I wouldn't underestimate the part where he makes the middle class aware of what the hell is going on. But that's just me.
I've been busy applying slices of ham to the screen to cover Craig's last few posts on this subject. He's entitled to his opinion, etc., ça va sans dire, but sometimes I'm just too sensitive. So before I start shouting "la-la-la-laaa I can't hear youuu" with hands firmly applied to my ears I just wanted to copypaste the following paragraph from Hard Times.
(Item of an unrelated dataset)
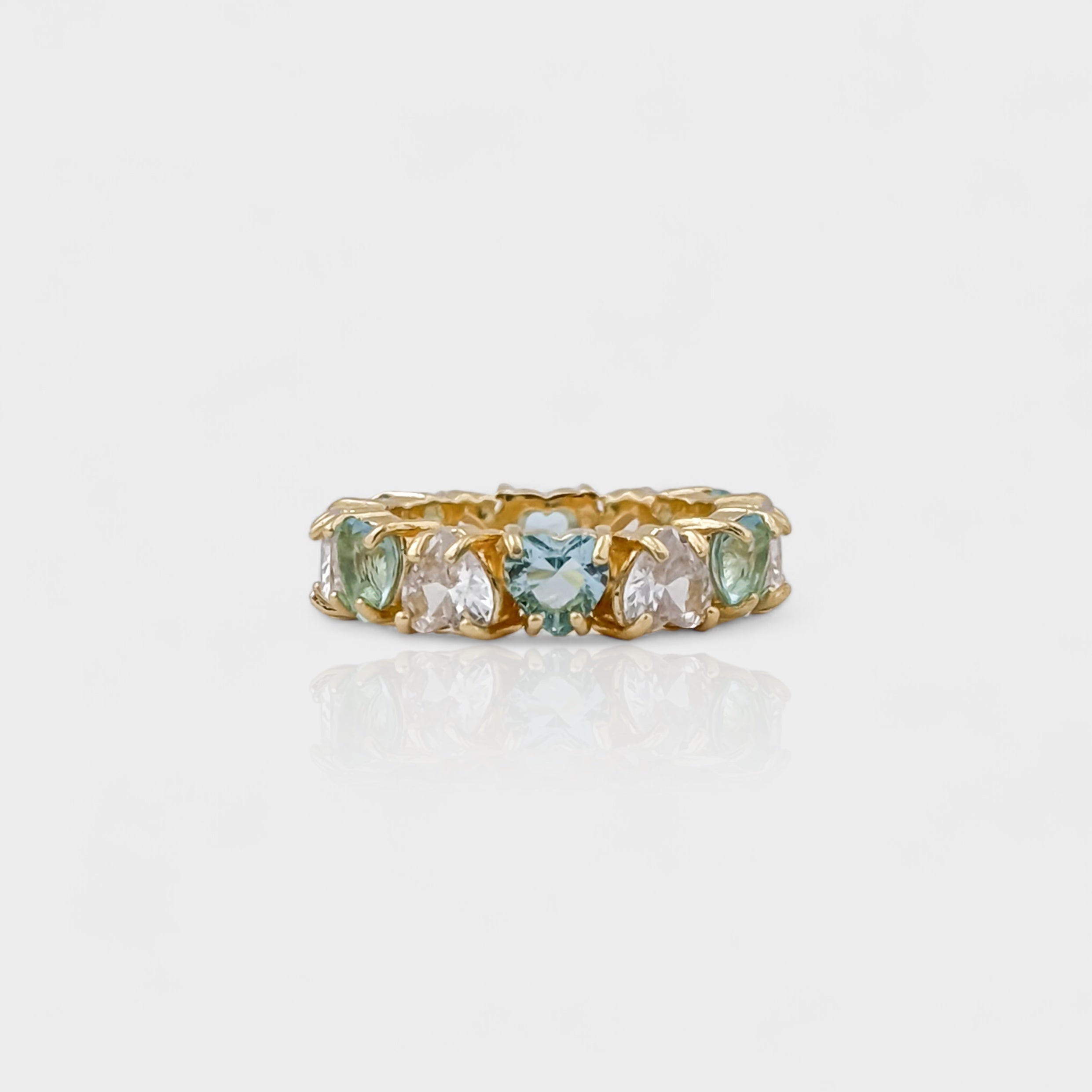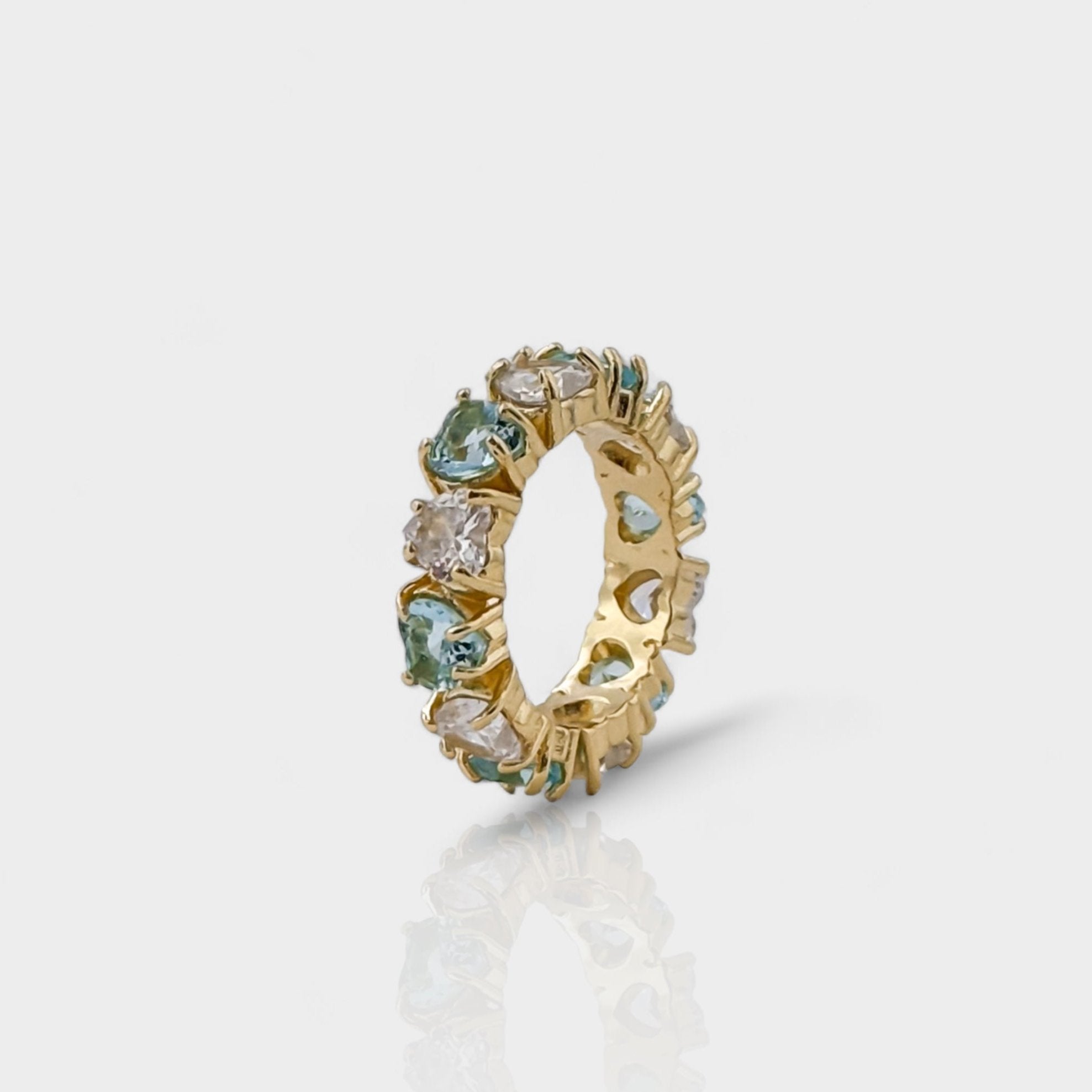 Heart Cut Blue and Clear Zirconia Eternity Ring

It was a town of red brick, or of brick that would have been red if the smoke and ashes had allowed it; but, as matters stood it was a town of unnatural red and black like the painted face of a savage. It was a town of machinery and tall chimneys, out of which interminable serpents of smoke trailed themselves for ever and ever, and never got uncoiled. It had a black canal in it, and a river that ran purple with ill-smelling dye, and vast piles of buildings full of windows where there was a rattling and a trembling all day long, and where the piston of the steam-engine worked monotonously up and down, like the head of an elephant in a state of melancholy madness. It contained several large streets all very like one another, and many small streets still more like one another, inhabited by people equally like one another, who all went in and out at the same hours, with the same sound upon the same pavements, to do the same work, and to whom every day was the same as yesterday and tomorrow, and every year the counterpart of the last and the next.
Too fucking right, Charles. Too fucking right.